GEORGE ELIOT’S ATTITUDE TOWARDS ARTISTS

George Eliot uses descriptive diction, and strong imagery and details in order to express his attitude towards artists. Many artists display “happy work” that may often produce smiles, rather than what’s underneath, which usually consists of no humor or cheerfulness. In this passage, Eliot uses imagery to portray peasants more realistically, but without being sad. This is where realism comes in because representing the truth is far more important than what society has made fictitious. Art should relate to life, and not all artists are responsibly showing this, because most of the time they think it’s something that should just make people feel better. Whether people agree or not, his opinion is very strongly stated.

The first line says that peasants are joyous, which automatically sets the tone. Soon after that he uses the description of round of sound teeth, which symbolizes jolly, happy people. I pick up that the writer uses terms like jocund, instead of cheerful, which again, shows his good diction. “Striped stockings, red waistcoat, and hat aside, who represents the traditional English peasant…” is something that I can clearly picture. He did a good job using imagery to describe the peasant, along with other people and things.

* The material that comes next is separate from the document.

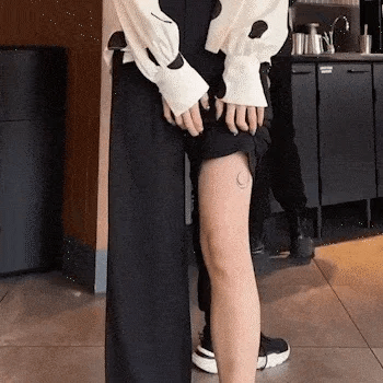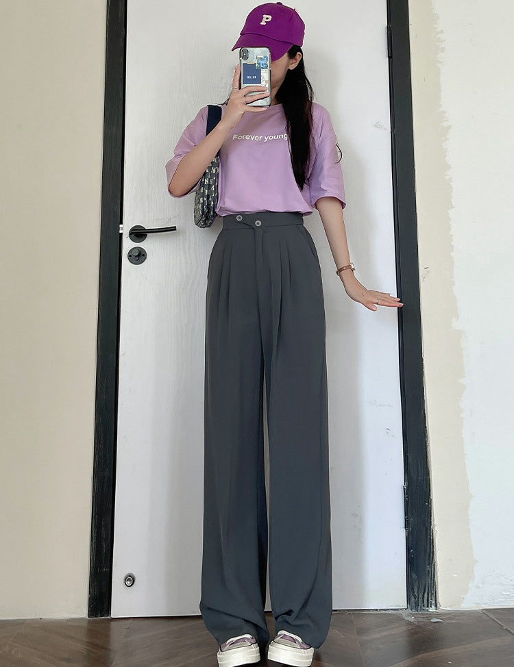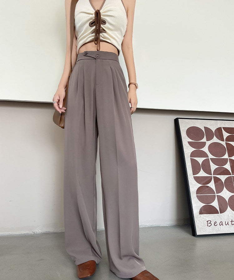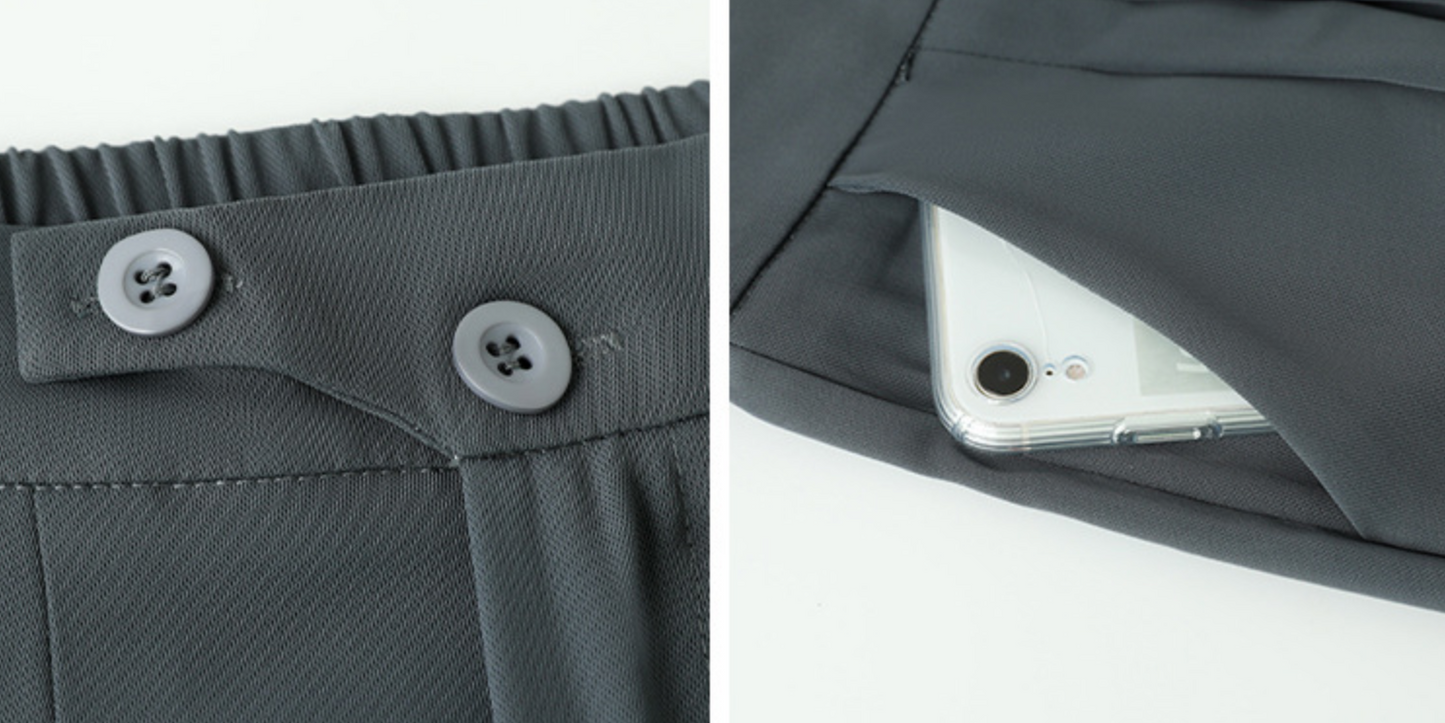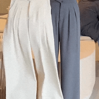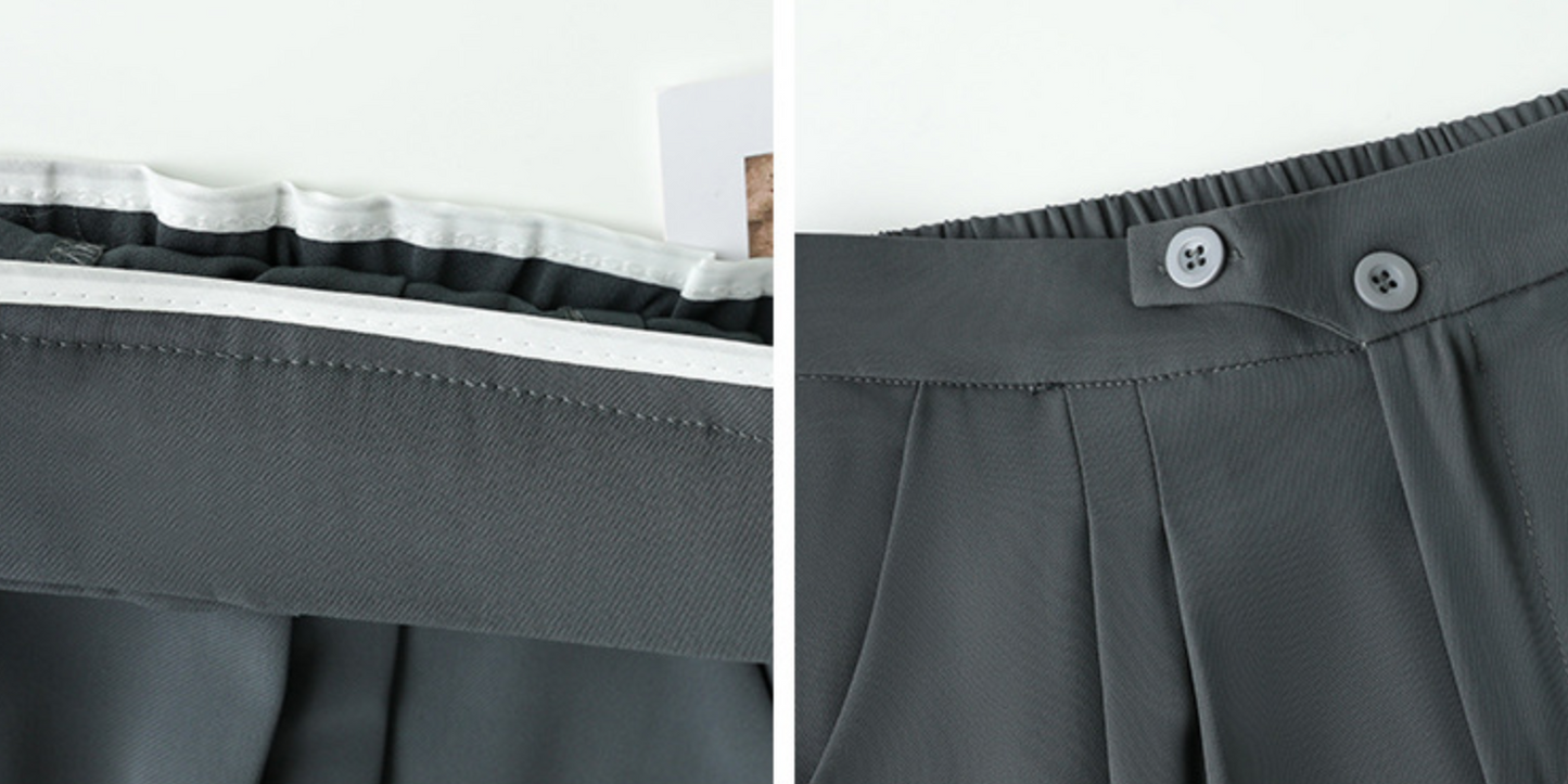 Plisuotas pasiuvimas kartu su plačiu kelnių dizainu efektyviai paslepia kojų riebalus ir vizualiai pailgina kojas, todėl jos atrodo lieknesnės.

This writer holds a great responsibility on portraying his subjects correctly in order to represent the truth. If it is known that the piece is fictional, then the full truth obviously doesn’t need to be represented, however most of the time this artist is real. As generations progress, people may interpret art differently than those before or after them. An example of this would be the mural that got recently removed at the department of labor in Maine. It caused a catastrophe in our community because of the various opinions the public has.

Towards the end of his passage, he becomes more critical of the artists. If we misinterpret fashion, it’s not that big of a deal, however it is important that we recognize the humor and struggles of life.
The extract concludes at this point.